(Recorded data)

· · ·

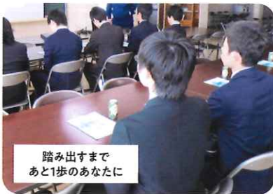
就活セミナー (面接・履歴書指導など)
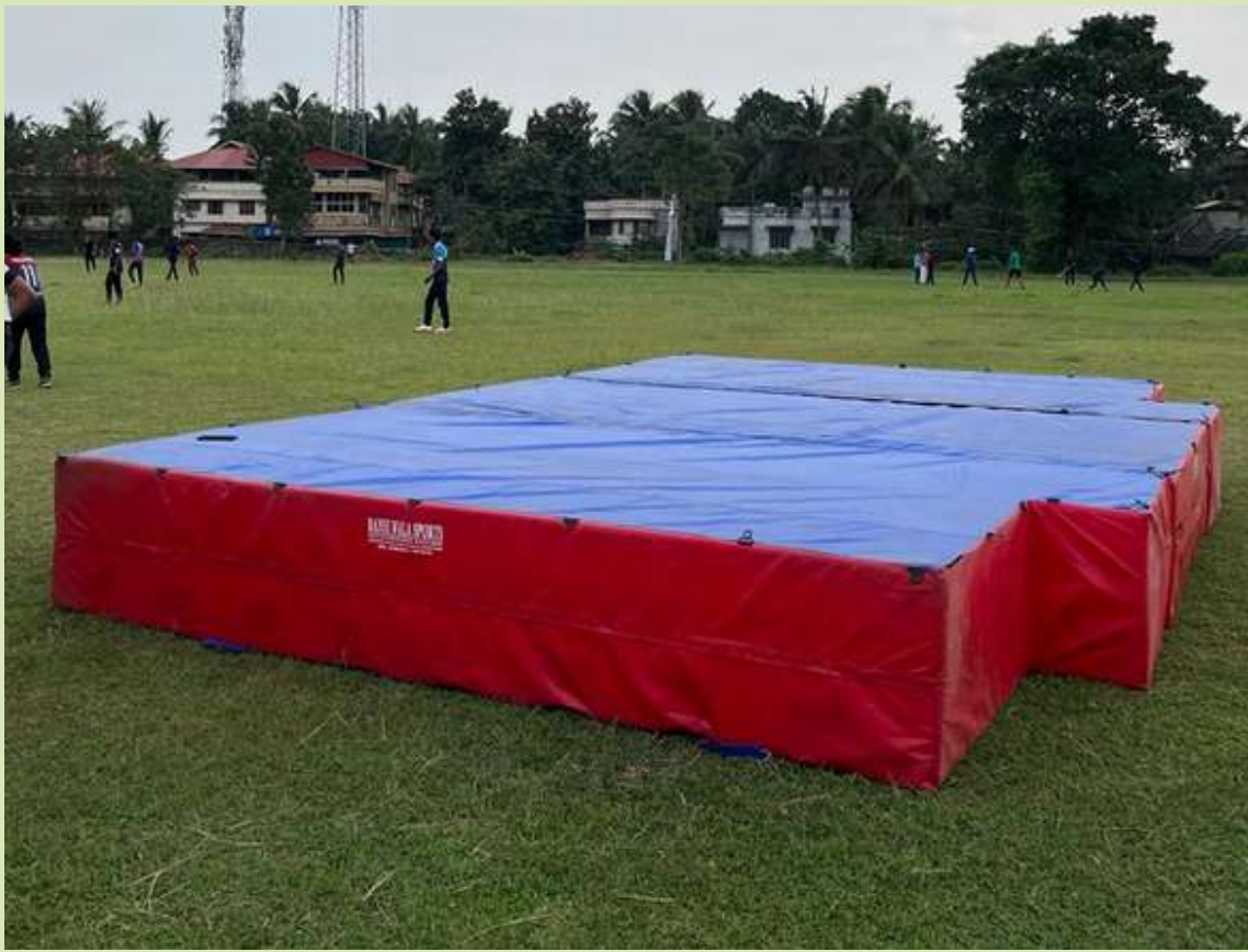
A new high jump pit sponsored by Alumni members of 1983-87 and 1993-97 batches was inaugurated by principal Dr.P.R.Suresh at college ground.
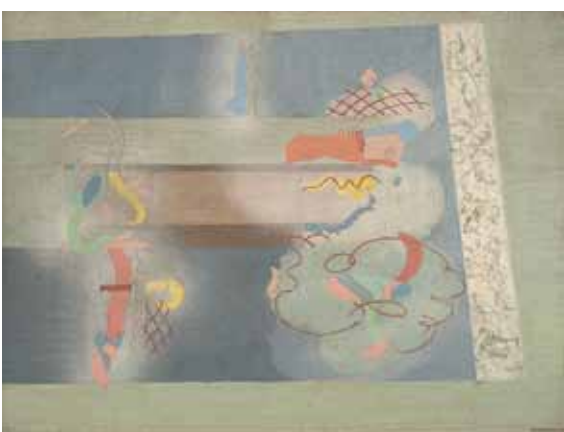
Jindřich Štyrský, V mlze / Im Nebel, 1927, olej a tempera na plátně, Öl, Tempera auf Leinwand, 47 x 62,5 cm
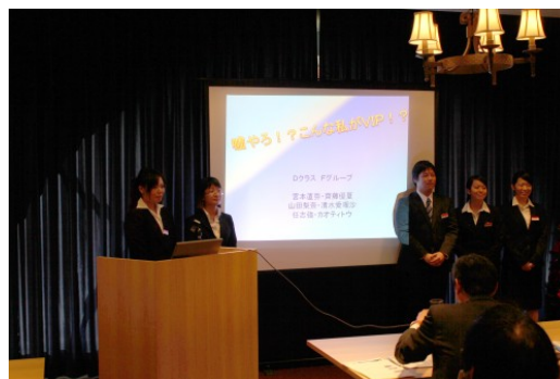
昨年の最終プレゼンの様子

今年も、授業やプレゼンテーションを行い、カップル向けプラン、グループ向けプラン、贅沢プランの3つ(予定)を商品化し、2013年12月に販売を開始します。学生の視点を生かして開発した宿泊プランに、是非ご期待ください。
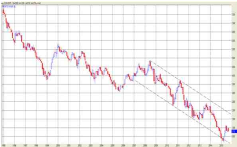
figuur 1: de Nederlandse tienjarige rente vanaf 1995
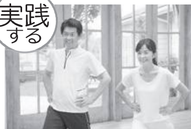
体力・脳力アップ

· · ·

Exactly and only the lines from the top of the records down to the line containing "昨年の最終プレゼンの様子" should be transcribed, please, without the pictures.

就活セミナー (面接・履歴書指導など)
A new high jump pit sponsored by Alumni members of 1983-87 and 1993-97 batches was inaugurated by principal Dr.P.R.Suresh at college ground.
Jindřich Štyrský, V mlze / Im Nebel, 1927, olej a tempera na plátně, Öl, Tempera auf Leinwand, 47 x 62,5 cm
昨年の最終プレゼンの様子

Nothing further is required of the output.